──────── SOURCE DATA

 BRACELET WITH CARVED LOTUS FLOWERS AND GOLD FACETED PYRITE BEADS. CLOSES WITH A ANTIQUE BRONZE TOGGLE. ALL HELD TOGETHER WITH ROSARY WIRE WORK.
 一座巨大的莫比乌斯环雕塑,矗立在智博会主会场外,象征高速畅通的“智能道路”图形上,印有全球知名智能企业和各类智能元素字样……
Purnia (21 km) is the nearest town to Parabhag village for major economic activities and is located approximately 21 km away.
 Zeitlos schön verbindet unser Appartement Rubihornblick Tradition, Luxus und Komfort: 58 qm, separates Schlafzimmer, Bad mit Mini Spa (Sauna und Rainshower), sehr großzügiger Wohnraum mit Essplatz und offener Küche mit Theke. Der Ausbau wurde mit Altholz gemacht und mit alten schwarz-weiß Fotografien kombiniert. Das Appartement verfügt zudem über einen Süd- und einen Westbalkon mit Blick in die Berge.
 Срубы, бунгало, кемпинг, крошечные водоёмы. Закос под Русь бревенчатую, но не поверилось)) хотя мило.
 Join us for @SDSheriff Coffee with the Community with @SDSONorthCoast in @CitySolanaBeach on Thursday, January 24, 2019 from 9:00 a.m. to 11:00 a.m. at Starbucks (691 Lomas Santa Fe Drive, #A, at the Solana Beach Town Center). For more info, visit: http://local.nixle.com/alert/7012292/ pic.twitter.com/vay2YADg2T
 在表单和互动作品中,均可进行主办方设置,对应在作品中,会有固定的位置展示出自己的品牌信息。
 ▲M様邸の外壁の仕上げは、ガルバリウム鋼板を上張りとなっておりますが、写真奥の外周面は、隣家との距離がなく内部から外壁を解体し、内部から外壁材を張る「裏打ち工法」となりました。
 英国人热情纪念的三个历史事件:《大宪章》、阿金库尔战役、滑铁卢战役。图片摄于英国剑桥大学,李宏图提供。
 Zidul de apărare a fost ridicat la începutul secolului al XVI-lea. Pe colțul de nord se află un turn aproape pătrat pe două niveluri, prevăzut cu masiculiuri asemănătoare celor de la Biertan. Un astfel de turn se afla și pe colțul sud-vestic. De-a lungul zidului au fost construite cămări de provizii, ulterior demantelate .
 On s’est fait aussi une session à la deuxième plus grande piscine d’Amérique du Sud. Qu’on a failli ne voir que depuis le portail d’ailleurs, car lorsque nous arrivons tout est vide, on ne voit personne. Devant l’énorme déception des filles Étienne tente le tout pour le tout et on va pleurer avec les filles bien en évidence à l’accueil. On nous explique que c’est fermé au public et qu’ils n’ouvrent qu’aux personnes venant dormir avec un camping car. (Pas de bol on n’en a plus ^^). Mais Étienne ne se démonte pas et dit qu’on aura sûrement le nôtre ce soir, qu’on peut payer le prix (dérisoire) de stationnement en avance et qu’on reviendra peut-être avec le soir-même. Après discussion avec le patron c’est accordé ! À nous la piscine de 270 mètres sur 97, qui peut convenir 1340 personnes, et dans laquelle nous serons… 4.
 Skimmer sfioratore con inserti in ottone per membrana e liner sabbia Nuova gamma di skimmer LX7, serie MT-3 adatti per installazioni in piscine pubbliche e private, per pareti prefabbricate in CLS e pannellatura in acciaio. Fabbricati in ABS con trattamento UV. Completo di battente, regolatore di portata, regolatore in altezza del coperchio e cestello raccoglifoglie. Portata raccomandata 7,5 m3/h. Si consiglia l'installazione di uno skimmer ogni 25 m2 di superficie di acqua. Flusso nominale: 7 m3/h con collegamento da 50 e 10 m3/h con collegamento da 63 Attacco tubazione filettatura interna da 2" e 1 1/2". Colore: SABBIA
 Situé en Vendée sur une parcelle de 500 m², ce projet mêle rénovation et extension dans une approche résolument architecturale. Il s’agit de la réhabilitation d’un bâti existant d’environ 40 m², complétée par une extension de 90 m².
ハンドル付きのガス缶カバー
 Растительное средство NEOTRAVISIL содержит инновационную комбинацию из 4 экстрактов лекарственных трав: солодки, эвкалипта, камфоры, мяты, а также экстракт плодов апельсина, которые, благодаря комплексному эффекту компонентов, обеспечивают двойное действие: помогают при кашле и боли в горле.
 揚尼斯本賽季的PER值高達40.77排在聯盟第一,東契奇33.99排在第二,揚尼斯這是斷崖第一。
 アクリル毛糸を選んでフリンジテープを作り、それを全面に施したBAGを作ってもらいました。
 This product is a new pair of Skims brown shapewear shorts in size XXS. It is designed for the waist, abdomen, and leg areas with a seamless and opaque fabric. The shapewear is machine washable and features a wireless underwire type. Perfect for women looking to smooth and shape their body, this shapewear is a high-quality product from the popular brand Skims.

────────────────

# REQUIRED WORK
The lines wanted are those from the one holding "揚尼斯本賽季的PER值高達4" through the final line of the listing; print them exactly.

# TASK ANSWER
 揚尼斯本賽季的PER值高達40.77排在聯盟第一,東契奇33.99排在第二,揚尼斯這是斷崖第一。
 アクリル毛糸を選んでフリンジテープを作り、それを全面に施したBAGを作ってもらいました。
 This product is a new pair of Skims brown shapewear shorts in size XXS. It is designed for the waist, abdomen, and leg areas with a seamless and opaque fabric. The shapewear is machine washable and features a wireless underwire type. Perfect for women looking to smooth and shape their body, this shapewear is a high-quality product from the popular brand Skims.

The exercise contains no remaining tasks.